本文章由计算机程序翻译，如有差异，请以英文原文为准。

求助全文

约1分钟内获得全文去求助

来源期刊

The Lancet Regional Health: Western Pacific Medicine-Pediatrics, Perinatology and Child Health

CiteScore

8.80

自引率

2.80%

发文量

305

审稿时长

11 weeks

期刊介绍： The Lancet Regional Health – Western Pacific, a gold open access journal, is an integral part of The Lancet's global initiative advocating for healthcare quality and access worldwide.

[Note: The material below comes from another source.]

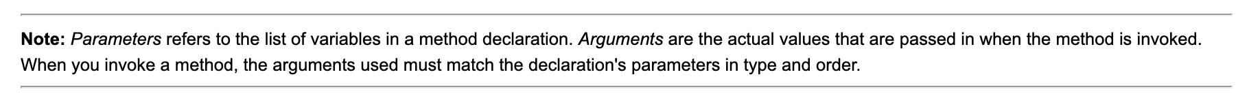 위의 내용을 해석하면 다음과 같습니다. "매개변수는 메서드 선언의 변수 목록을 나타냅니다. 인수는 메서드가 호출될 때 전달되는 실제 값입니다." 모든 프로그래밍 언어에서 이와 같이 매개변수(Parameter)와 인수(Argument)가 정의된다고 단정 지을 수는 없지만 프로그래밍 전반에 있어서는 큰 무리 없이 사용할 수 있는 정의라고 생각합니다.

It aims to advance clinical practice and health policy in the Western Pacific region, contributing to enhanced health outcomes. The journal publishes high-quality original research shedding light on clinical practice and health policy in the region. It also includes reviews, commentaries, and opinion pieces covering diverse regional health topics, such as infectious diseases, non-communicable diseases, child and adolescent health, maternal and reproductive health, aging health, mental health, the health workforce and systems, and health policy.